Action item:
The lines to reproduce from the material below are those from the one containing "Дверь металлическая входная." through the one containing "2012年全省旅游工作會議于", both included; write them out exactly and add nothing.

Input for this task:
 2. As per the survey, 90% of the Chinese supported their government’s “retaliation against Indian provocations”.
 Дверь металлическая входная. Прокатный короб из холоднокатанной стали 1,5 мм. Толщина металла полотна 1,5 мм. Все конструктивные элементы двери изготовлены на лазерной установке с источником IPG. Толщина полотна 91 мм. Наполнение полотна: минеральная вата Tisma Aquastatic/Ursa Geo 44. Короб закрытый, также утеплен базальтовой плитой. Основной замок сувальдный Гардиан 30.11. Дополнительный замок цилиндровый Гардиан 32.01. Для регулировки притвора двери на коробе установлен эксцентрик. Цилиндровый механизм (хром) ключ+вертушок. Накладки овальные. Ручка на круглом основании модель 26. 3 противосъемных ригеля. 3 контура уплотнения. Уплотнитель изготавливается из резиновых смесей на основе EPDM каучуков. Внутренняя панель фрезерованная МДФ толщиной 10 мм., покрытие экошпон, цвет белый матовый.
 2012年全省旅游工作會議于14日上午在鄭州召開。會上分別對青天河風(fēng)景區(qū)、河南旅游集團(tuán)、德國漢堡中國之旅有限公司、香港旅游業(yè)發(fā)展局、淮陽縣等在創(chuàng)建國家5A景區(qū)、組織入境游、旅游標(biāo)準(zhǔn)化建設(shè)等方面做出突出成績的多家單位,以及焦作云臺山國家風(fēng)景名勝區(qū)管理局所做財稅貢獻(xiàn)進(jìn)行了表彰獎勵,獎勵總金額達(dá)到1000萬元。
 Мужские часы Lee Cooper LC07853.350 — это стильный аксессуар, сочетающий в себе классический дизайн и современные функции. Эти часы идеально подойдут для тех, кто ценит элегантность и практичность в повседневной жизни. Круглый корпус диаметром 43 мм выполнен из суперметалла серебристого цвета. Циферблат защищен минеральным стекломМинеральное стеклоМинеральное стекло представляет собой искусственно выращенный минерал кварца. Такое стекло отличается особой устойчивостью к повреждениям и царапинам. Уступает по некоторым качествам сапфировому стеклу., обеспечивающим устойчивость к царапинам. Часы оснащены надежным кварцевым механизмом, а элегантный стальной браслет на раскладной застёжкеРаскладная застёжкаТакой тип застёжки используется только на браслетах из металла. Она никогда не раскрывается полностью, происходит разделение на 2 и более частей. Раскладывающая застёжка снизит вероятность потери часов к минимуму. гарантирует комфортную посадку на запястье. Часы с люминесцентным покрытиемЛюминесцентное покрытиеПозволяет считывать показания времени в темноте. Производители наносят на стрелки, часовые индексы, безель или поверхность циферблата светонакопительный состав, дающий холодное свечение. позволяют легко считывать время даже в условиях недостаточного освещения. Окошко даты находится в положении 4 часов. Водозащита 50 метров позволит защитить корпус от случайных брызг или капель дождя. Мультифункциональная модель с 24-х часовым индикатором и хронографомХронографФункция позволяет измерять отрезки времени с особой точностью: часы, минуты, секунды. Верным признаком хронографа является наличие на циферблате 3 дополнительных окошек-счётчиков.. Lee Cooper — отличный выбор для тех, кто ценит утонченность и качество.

==

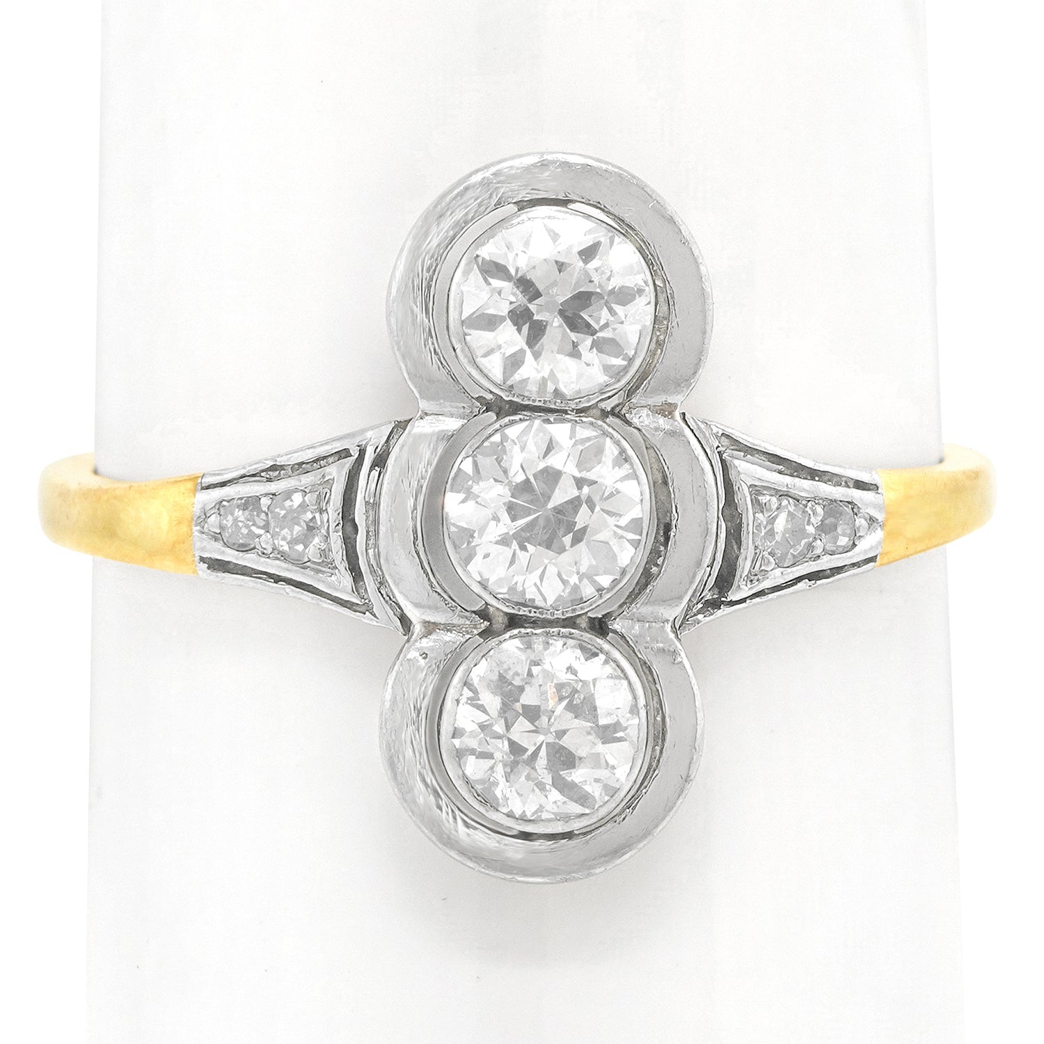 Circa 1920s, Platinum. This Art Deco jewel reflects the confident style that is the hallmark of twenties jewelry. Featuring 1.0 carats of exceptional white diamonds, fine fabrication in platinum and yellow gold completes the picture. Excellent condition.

Solution for this problem:
 Дверь металлическая входная. Прокатный короб из холоднокатанной стали 1,5 мм. Толщина металла полотна 1,5 мм. Все конструктивные элементы двери изготовлены на лазерной установке с источником IPG. Толщина полотна 91 мм. Наполнение полотна: минеральная вата Tisma Aquastatic/Ursa Geo 44. Короб закрытый, также утеплен базальтовой плитой. Основной замок сувальдный Гардиан 30.11. Дополнительный замок цилиндровый Гардиан 32.01. Для регулировки притвора двери на коробе установлен эксцентрик. Цилиндровый механизм (хром) ключ+вертушок. Накладки овальные. Ручка на круглом основании модель 26. 3 противосъемных ригеля. 3 контура уплотнения. Уплотнитель изготавливается из резиновых смесей на основе EPDM каучуков. Внутренняя панель фрезерованная МДФ толщиной 10 мм., покрытие экошпон, цвет белый матовый.
 2012年全省旅游工作會議于14日上午在鄭州召開。會上分別對青天河風(fēng)景區(qū)、河南旅游集團(tuán)、德國漢堡中國之旅有限公司、香港旅游業(yè)發(fā)展局、淮陽縣等在創(chuàng)建國家5A景區(qū)、組織入境游、旅游標(biāo)準(zhǔn)化建設(shè)等方面做出突出成績的多家單位,以及焦作云臺山國家風(fēng)景名勝區(qū)管理局所做財稅貢獻(xiàn)進(jìn)行了表彰獎勵,獎勵總金額達(dá)到1000萬元。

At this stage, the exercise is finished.